Nothing should appear in the answer except the lines below from the line containing "El documento analiza" through the line containing "이제 크루즈 여행 비용을 줄이는 방법도 알아볼까요? 💰", copied exactly, with pictures left out.

## DATA SHOWN
╭──

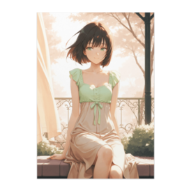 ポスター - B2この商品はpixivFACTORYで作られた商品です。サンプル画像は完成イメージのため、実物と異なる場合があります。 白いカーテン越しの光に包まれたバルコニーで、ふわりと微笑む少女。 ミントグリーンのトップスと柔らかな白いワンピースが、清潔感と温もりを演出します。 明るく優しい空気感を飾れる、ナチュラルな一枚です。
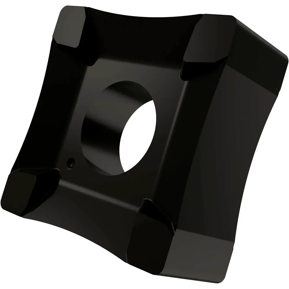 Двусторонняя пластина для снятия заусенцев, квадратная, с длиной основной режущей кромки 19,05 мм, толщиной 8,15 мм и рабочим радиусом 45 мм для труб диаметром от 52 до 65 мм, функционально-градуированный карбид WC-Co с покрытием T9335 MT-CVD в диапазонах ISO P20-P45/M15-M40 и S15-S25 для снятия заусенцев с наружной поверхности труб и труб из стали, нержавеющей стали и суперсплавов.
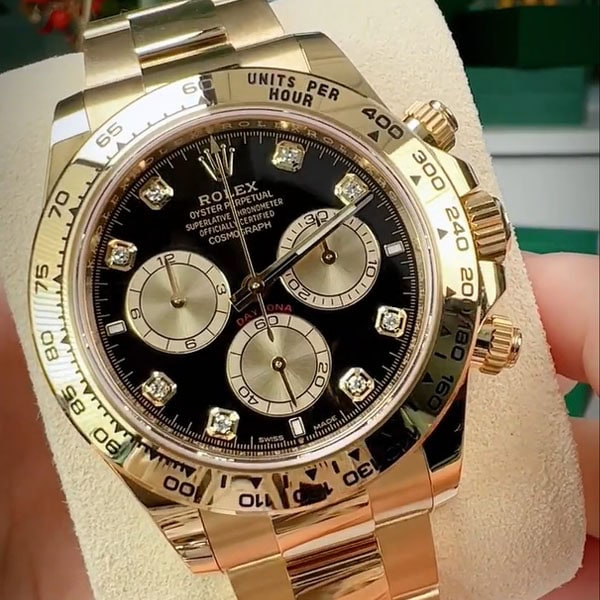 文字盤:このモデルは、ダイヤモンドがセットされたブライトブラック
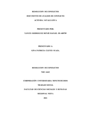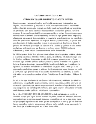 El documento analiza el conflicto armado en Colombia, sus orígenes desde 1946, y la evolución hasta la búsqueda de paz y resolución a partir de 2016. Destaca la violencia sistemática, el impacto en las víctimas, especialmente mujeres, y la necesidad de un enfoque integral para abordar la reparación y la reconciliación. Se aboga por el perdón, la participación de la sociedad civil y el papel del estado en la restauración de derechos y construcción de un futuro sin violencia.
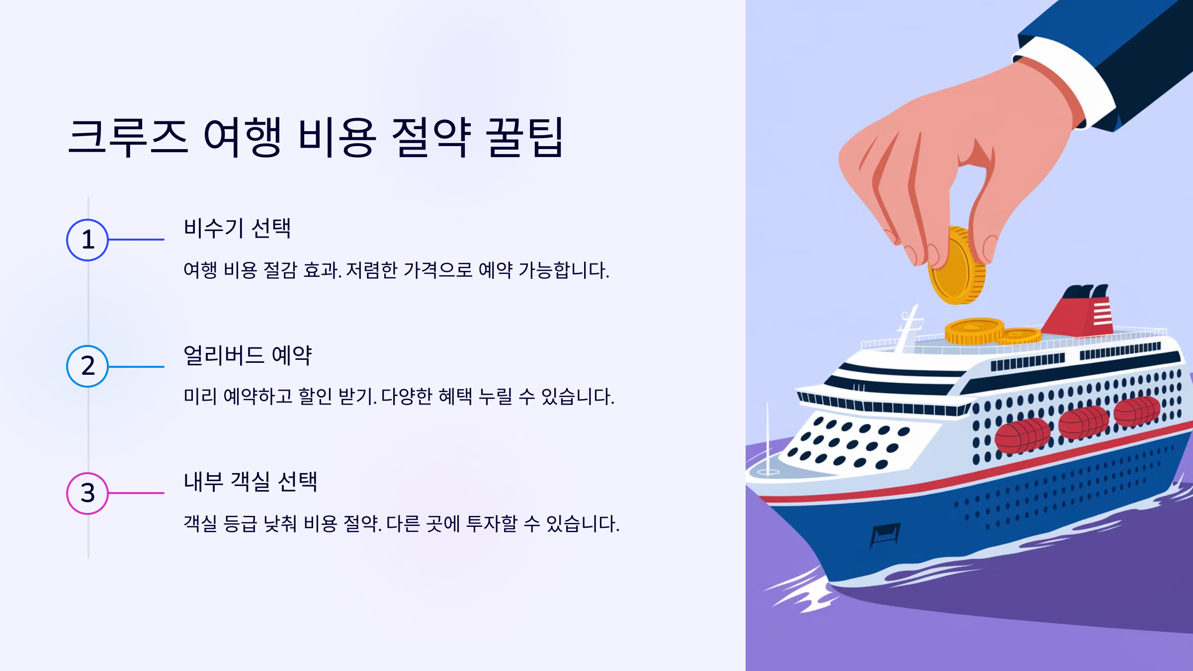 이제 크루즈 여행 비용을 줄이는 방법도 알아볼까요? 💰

╰──
╭──

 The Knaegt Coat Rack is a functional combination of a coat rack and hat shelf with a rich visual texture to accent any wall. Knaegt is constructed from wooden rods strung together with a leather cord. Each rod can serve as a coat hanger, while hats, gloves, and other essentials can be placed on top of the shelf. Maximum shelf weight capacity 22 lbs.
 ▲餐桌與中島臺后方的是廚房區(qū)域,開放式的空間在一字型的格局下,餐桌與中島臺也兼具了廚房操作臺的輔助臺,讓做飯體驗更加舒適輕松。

╰──

## RESULT OF THIS TASK
 El documento analiza el conflicto armado en Colombia, sus orígenes desde 1946, y la evolución hasta la búsqueda de paz y resolución a partir de 2016. Destaca la violencia sistemática, el impacto en las víctimas, especialmente mujeres, y la necesidad de un enfoque integral para abordar la reparación y la reconciliación. Se aboga por el perdón, la participación de la sociedad civil y el papel del estado en la restauración de derechos y construcción de un futuro sin violencia.
 이제 크루즈 여행 비용을 줄이는 방법도 알아볼까요? 💰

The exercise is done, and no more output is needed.